Ingredients
Scale
- 6–8 large tomatoes, quartered
- 4 large whole garlic cloves
- 5–6 basil leaves
- 2 tablespoons olive oil
- 1/2 teaspoon salt
- 1/8 teaspoon crushed red pepper
Instructions
- Preheat oven to 400F
- Wash and quarter tomatoes
- Arrange on a baking tray
- Add the whole garlic cloves and basil leaves
- Drizzle with olive oil
- Sprinkle with salt and crushed red pepper
- Toss with your hands to evenly coat the oil (on garlic and basil leaves too)
- Bake in the oven for 30-35 minutes
- Remove basil leaves from tray and discard (see note)
- Pour tomatoes, garlic, and liquid into a food processor, pulse to get the right consistency (see note)
- Place in saucepan if needed to reduce liquid, simmer on low
- Salt to taste
Notes
- You can keep the basil leaves in the sauce if desired, but they will add a darker color to the finished sauce.
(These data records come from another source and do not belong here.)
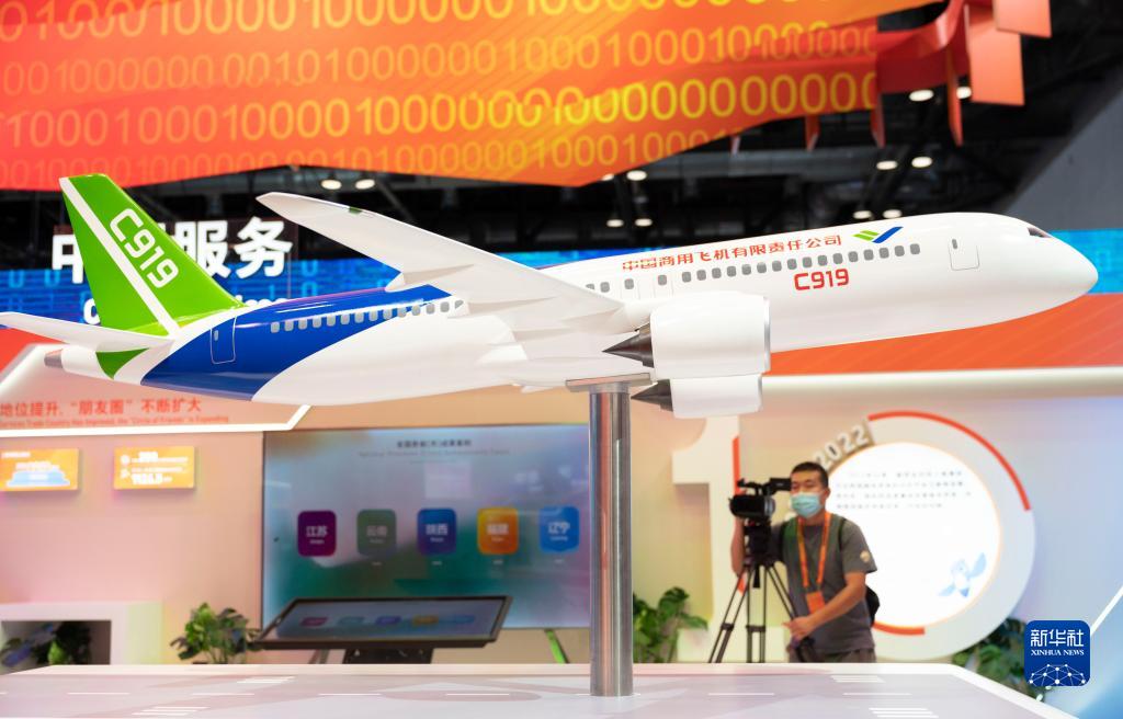 8月28日,在國家會(huì )議中心舉行的服貿會(huì )媒體探營(yíng)活動(dòng)中,記者拍攝C919飛機模型。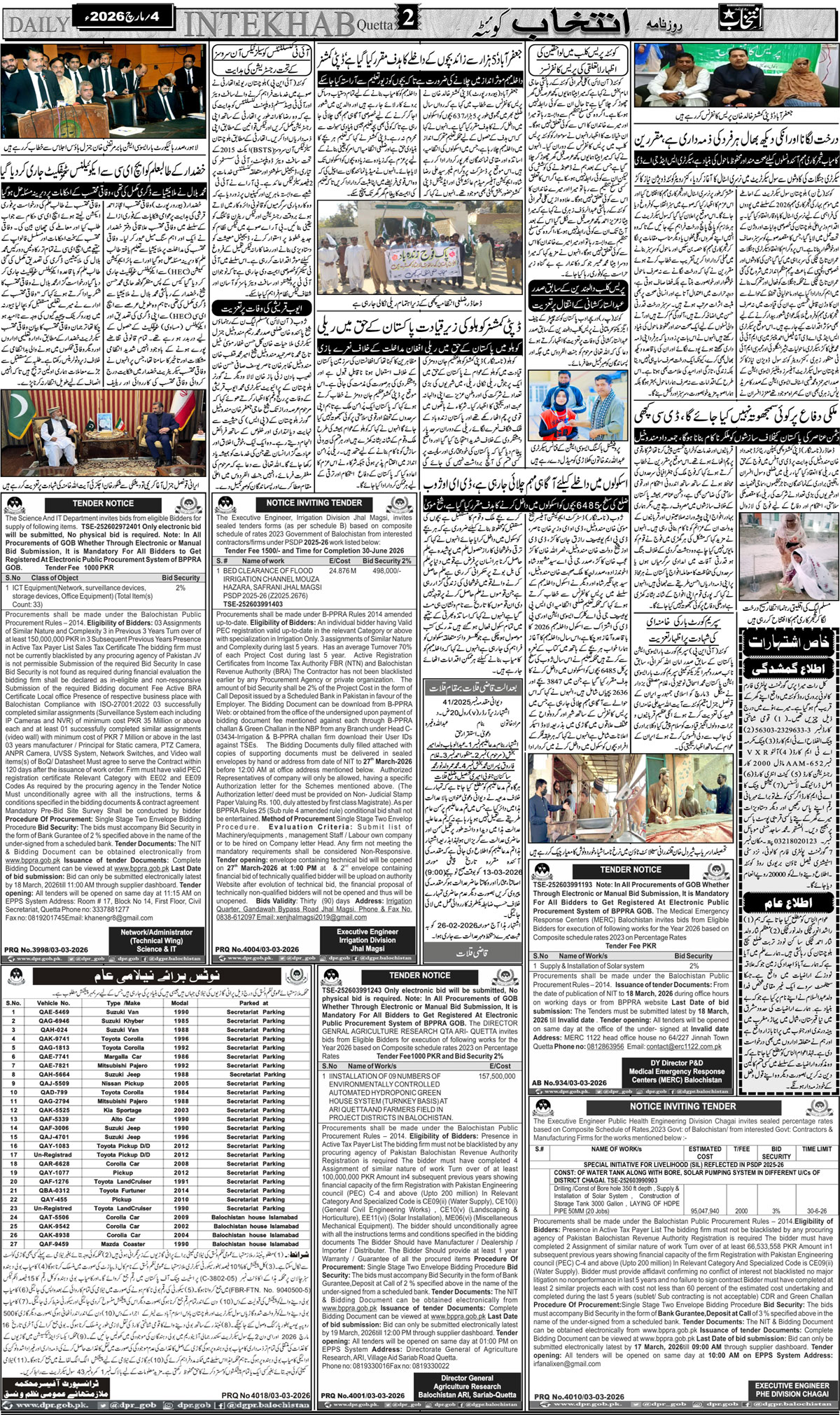 بھٹو کا قتل ایک سازش تھی پی پی وہ واحد جماعت جو ملک کو بحرانوں سے نکال سکتی ہے، پیپلز پارٹی بلوچستان پٹرول کی پرانی قیمتیں بحال نہ ہوئیں تو کوئٹہ سے کشمیر تک مظاہرے و شٹر ڈاؤن ہڑتال ہوگی، کاشف حیدری بھٹو شہید نے ووٹ کی طاقت دیکر سیاست کو عوام تک منتقل کیا، محروم طبقات کے حقوق اور وقار کا تحفظ ان کی سیاست کا بنیادی ستون رہا، سرفراز بگٹی جنگ کا نتیجہ خیز اور دیر پا خاتمہ ہونا چاہیے، مذاکرات کیلئے اسلام آباد جانے سے کبھی انکار نہیں کیا، ایرانی وزیر خارجہ پیٹرولیم مصنوعات کی قیمتوں میں اضافہ، پنجگور سے کوئٹہ کیلئے کوئی مسافر بس نہیں چل سکی، عوام کو پریشانی کا سامنا مارکیٹس 8 بجے، ہوٹل اور شادی ہال 10 بجے بند ہوں گے، تیل کا کاروبار کرنیوالوں کو چیک پوسٹوں پر تنگ نہیں کیا جائیگا، سی ایم ہاﺅس میں بھرتیاں روک دیں، گاڑیاں نیلام کرکے الیکٹرک گاڑیاں خریدیں گے، وزیراعلیٰ بلوچستان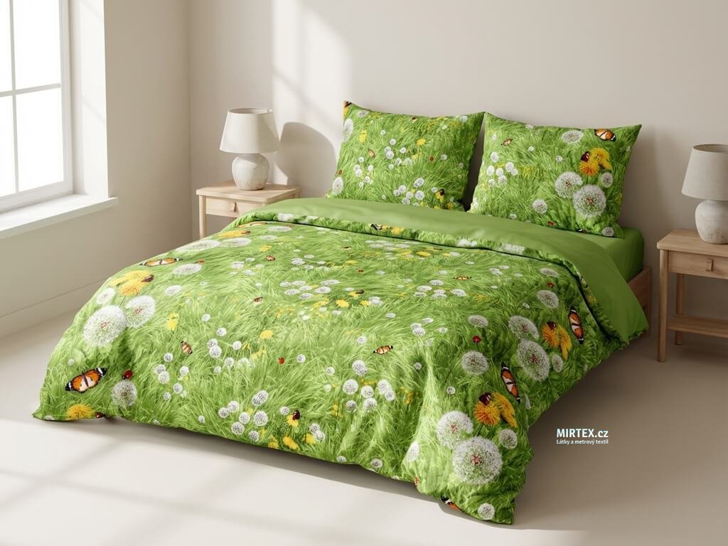 Barva a vzor: 3D "Letní louka" s realistickým tiskem pampelišek, sedmikrásek, motýlů a berušek v husté, živé zelené trávě. Díky pokročilé 3D technologii tisku působí motivy velmi plasticky a autenticky, ideální pro originální textilní projekty, které chtějí vyniknout.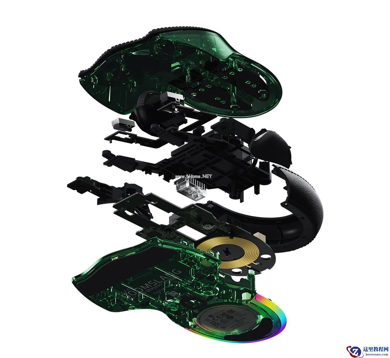 其配备第二代 RAZER FOCUS PRO 45K 光学传感器、第四代 RAZER 雷蛇光学鼠标微动,支持 RAZER HYPERPOLLING WIRELESS 无线技术,左右键上盖材质为 PU 皮革。
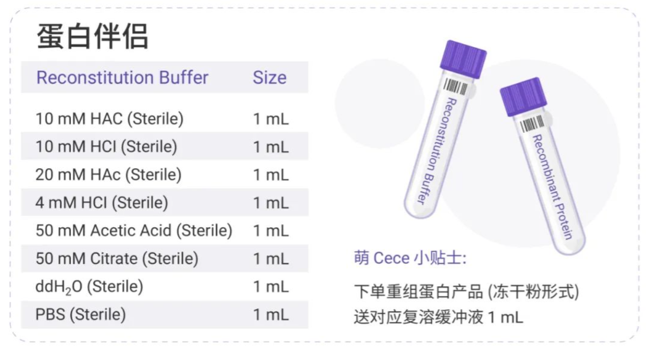 短期实验:使用复溶 Buffer 直接溶解的重组蛋白,液体可在 2-8℃ 最长保存 1 周。对于周期较短的实验 (不超过 7 天),可以直接取该条件下保存的细胞因子或者重组蛋白溶液加入到培养体系内即可,一周之内用完。(复溶 Buffer: 可参考重组蛋白使用指南里建议的溶液或者使用已贴心搭配好的蛋白伴侣)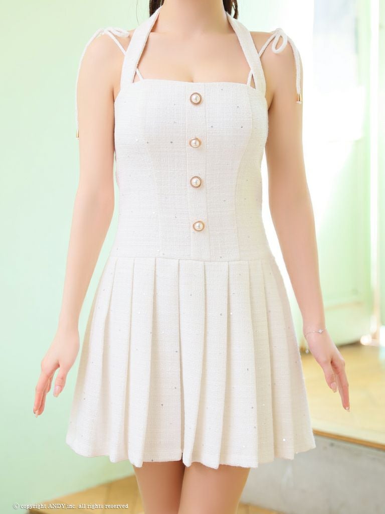 5. [an/アン] 高級ツイードキャミソールリボンフロントパールボタンプリーツフレアミニドレス
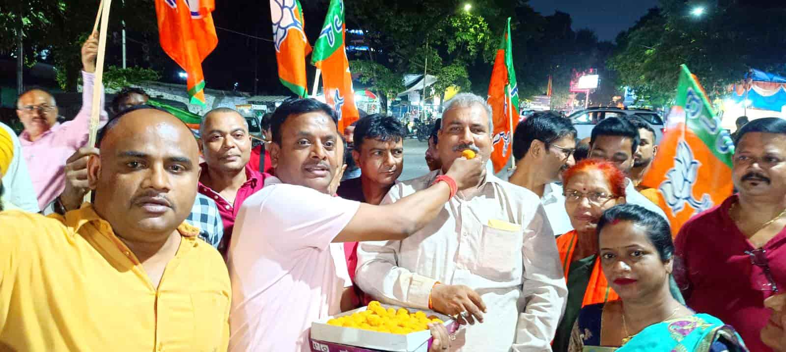 On Tuesday, under the leadership of Jamshedpur Metropolitan President Sudhanshu Ojha, BJP workers organized a victory celebration at the district office in Sakchi.

I like to remove the basil leaves for a better colored sauce, and use fresh basil as garnish when I serve it.
- I prefer to use a food processor to make this sauce, but if you do not have a food processor, you can use a blender. It does change the consistency and color of the sauce as the ground tomato seeds render the color a bit more orange and the sauce a bit thicker.
- Since the type and quality of tomatoes vary so much in liquid content, there may be times that the sauce is too thin for your liking. If so, place in a sauce pan and simmer on low without the lid until the sauce has reached the right consistency. Season to taste.
- Add more crushed red pepper if you like a little heat to the sauce.